Electronic – Best practice when choosing a trim pot value

best practicecomparatoroperational-amplifierpotentiometer

I have a basic comparator circuit I'm working on designing. I want one of the reference voltages to be tunable, so using a trim pot. My Vcc is 12V, so assuming a 1/4 watt pot, 1k seems like the lowest I should go. (12 * 12 / 1000 = 0.144 watts dissipated) I chose 10k for now, but I don't know why I chose that value. It's a common value, and seems fine.

What is the best practice when choosing a value like this and why? Lowest possible value for lowest noise? Something else?

Best Answer

Normally you want the adjustment to accommodate the worst-case variability and not too much more. In other words if you add up all the worst-case tolerances of the reference setting and it might be +/-100mV off from your nominal 3V setting, you might allow adjustment from 2.85 to 3.15V. Since potentiometer element resistance generally has a lousy tolerance you would prefer to either connect it across a "stiff" voltage or parallel the element with a precision resistor.
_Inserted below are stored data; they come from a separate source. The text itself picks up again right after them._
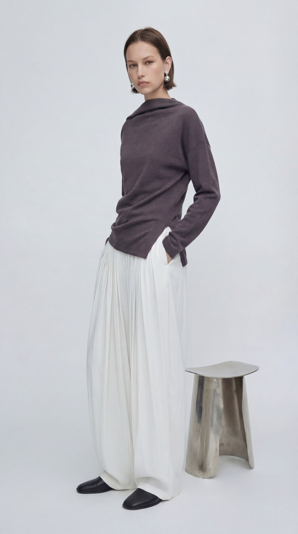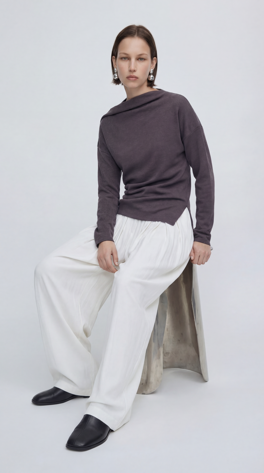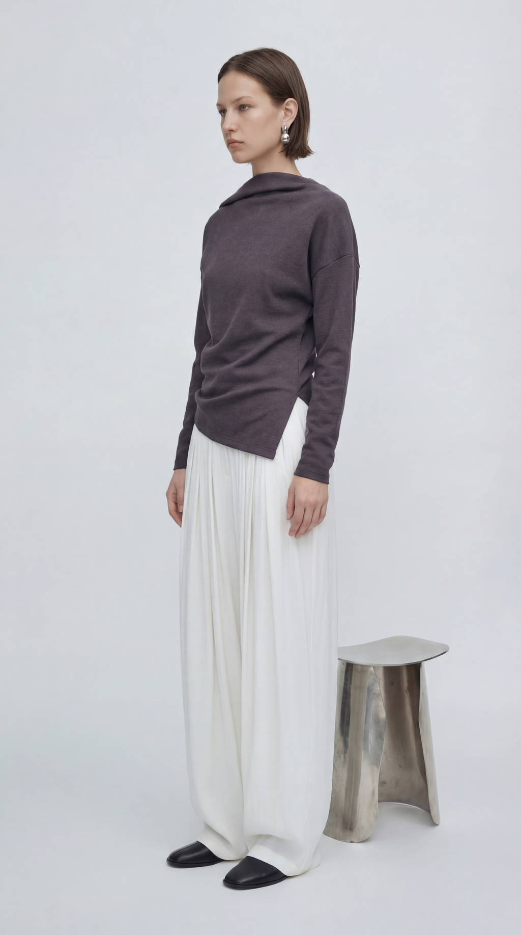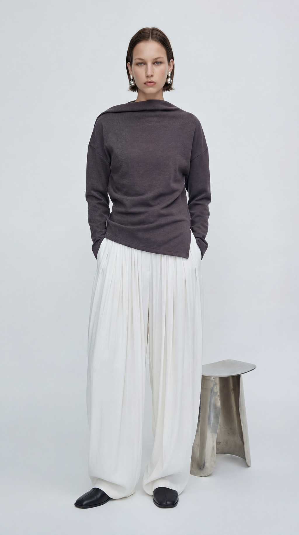 비대칭 입체 드레이핑의 세련된 네크라인
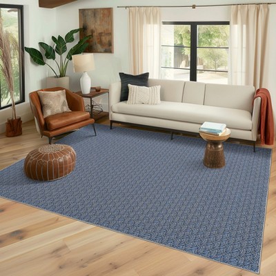 9x12 Area Rug, Washable Rug, Modern Geometric Accent Rug, Soft Rugs for Living Room, Ultra-Thin Low Pile Entryway Rug, Non Slip Carpet, Blue
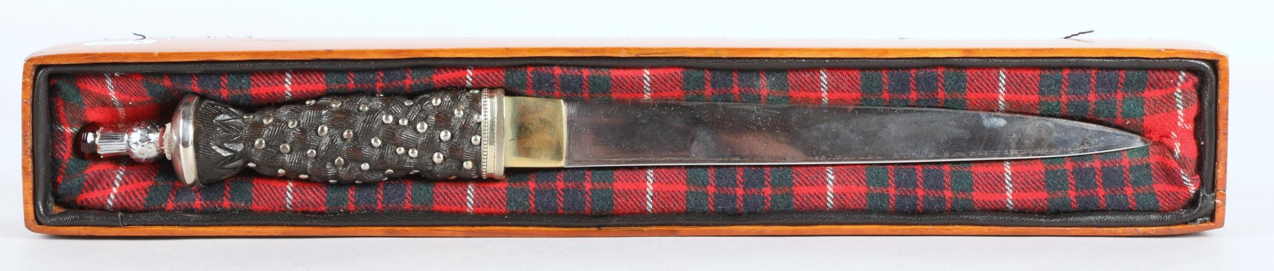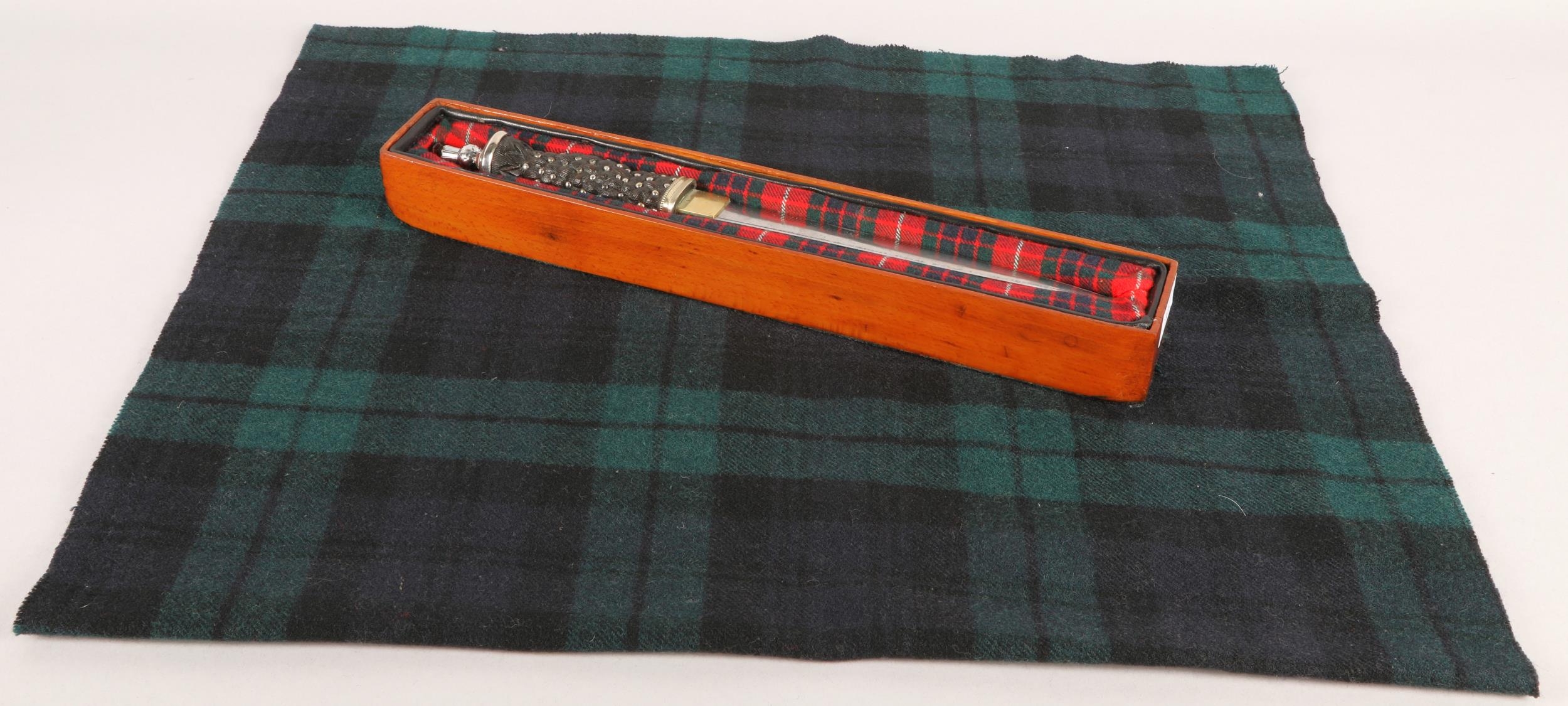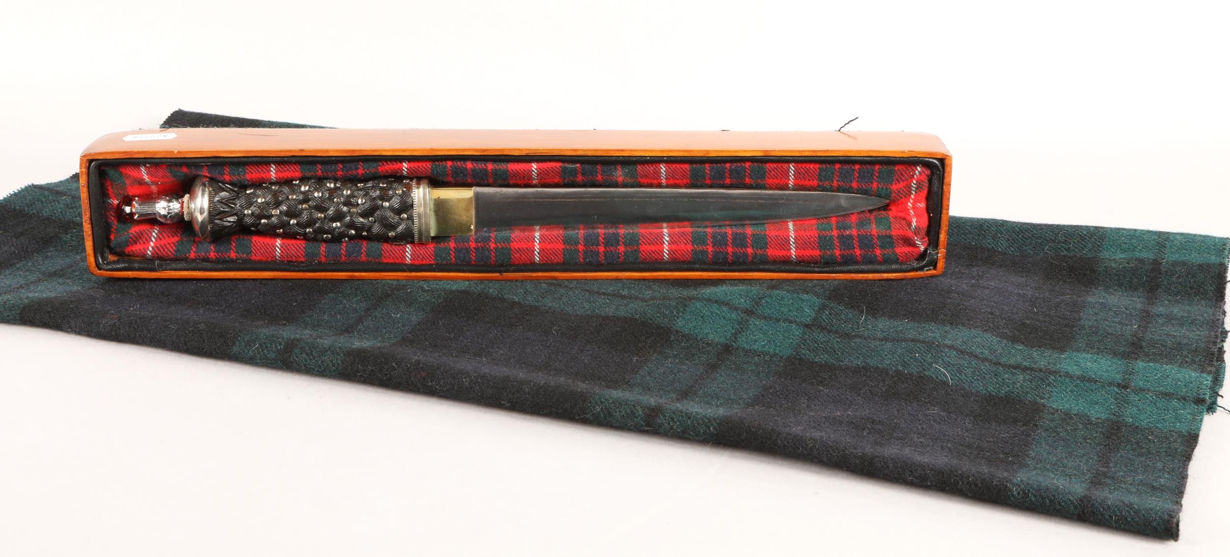 Scottish Highland Dirk in lined wooden box with plaid cover
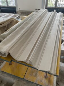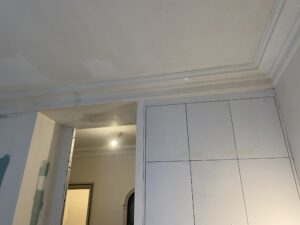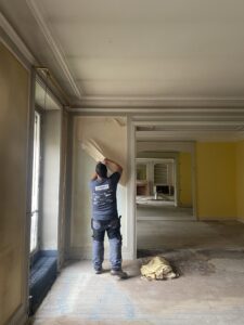Dans l'entrée et la nouvelle chambre, de nouvelles corniches en staff réalisées d'après un gabarit pris sur place ont été installées de part et d'autre de la cloison... comme si cette configuration avait toujours existé !

In my hypothetical case, suppose I have a 4.096V precision reference, I might use a 10K pot and parallel it with 301 ohms so the divider current is 1mA nominal. Then the divider would look like this:

schematic

simulate this circuit – Schematic created using CircuitLab

The source resistance looking into R1 wiper varies by +/-1250 ohms as the wiper is moved. That's not a problem in many situations but you should be aware of it.

General rules-

  1. Do you really need a trimpot or can you do it digitally? It's 2020, dude, what are you thinking?
  2. Avoid using potentiometers as rheostats wherever possible, minimize current through the wiper. If you must use a pot as a variable resistor, tie the unused end of the element to the wiper. And avoid use of < 100 ohm cermet pots as rheostats because of contact resistance variation.
  3. Use medium resistance pots were possible, especially if you need a wirewound
    pot. Usually 2K to 50K is optimal.
  4. If your adjustments are interactive, design your circuit so that at least one of the pots is nominally independent. It's worth extra care and even a few extra parts to minimize iterations.
  5. Make the pot rotations "make sense", generally clockwise should increase what the technician is observing.